Some practical rules-of-thumb you will see in the wild:

* If you expect a *large* effect (:math:`d \approx 0.8`), smaller
  samples might be OK (but replication still matters).
* If you expect a *small* effect (:math:`d \approx 0.2`), you may need
  hundreds of participants per group to achieve good power.
* In within-subjects designs, power is boosted by lower error variance
  (participants act as their own control).

Power analysis is ultimately **ethical** as well as technical. You are
deciding how many people to involve, how much time to spend, and how
likely your study is to make a cumulative contribution.

20.2 Meta-analysis: The study of studies
----------------------------------------

Individual experiments are noisy.

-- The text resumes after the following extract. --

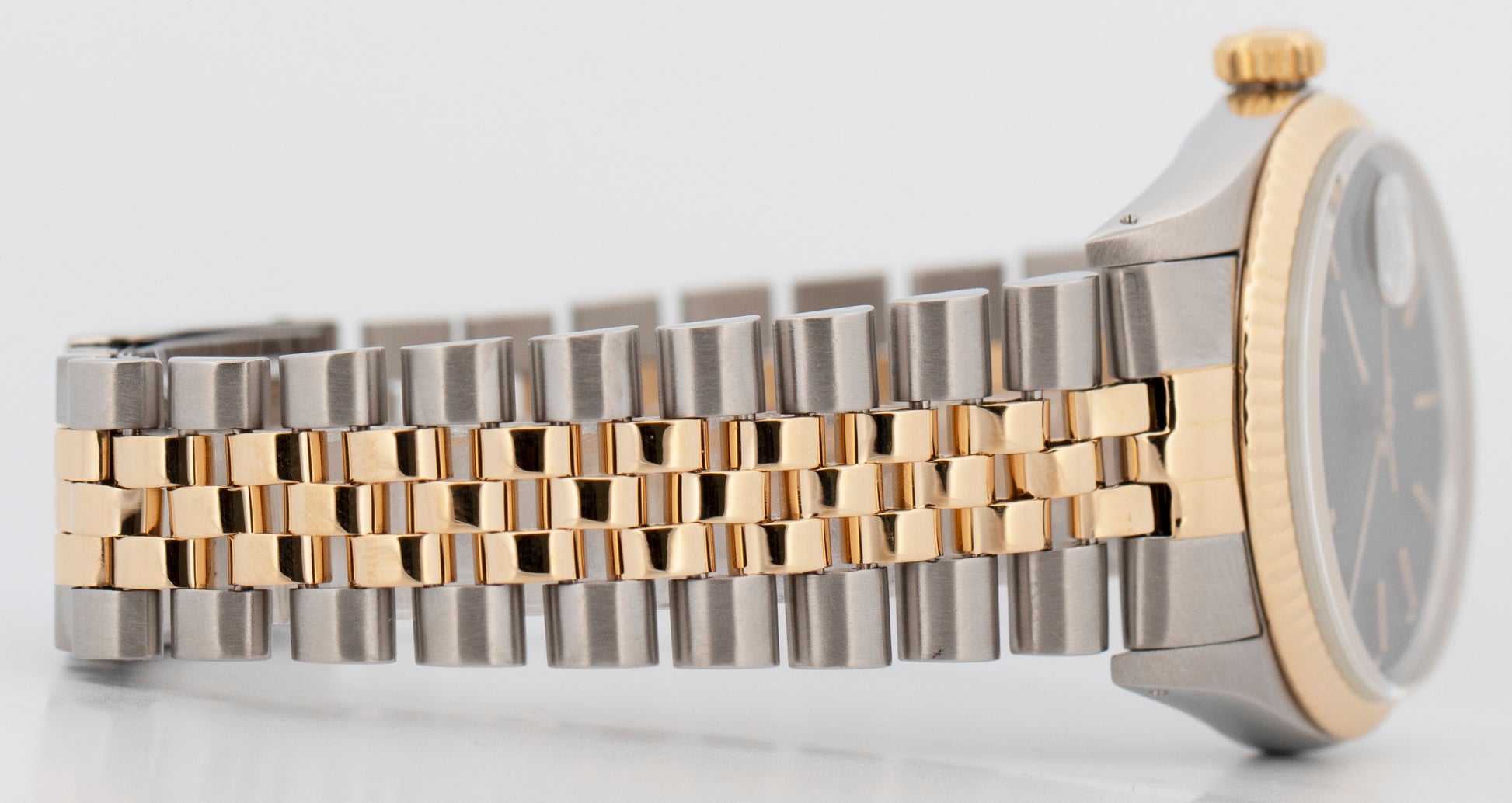Rolex DateJust 36mm Black Tapestry Two-Tone Jubilee 18K Yellow Gold Watch 16013

Even well-planned studies will
occasionally miss true effects or overstate them. **Meta-analysis** is a
set of tools for combining evidence across multiple studies.

At a high level:

* Each study contributes an **effect size** (e.g., Cohen’s :math:`d`,
  correlation :math:`r`) and an **estimate of its precision**
  (e.g., a standard error or variance).
* More precise studies (usually those with larger :math:`N`) receive
  **more weight**.
* A combined or **pooled effect size** is computed, along with
  confidence intervals, measures of heterogeneity, and often tests for
  moderation (do effects differ by method, sample, or context?).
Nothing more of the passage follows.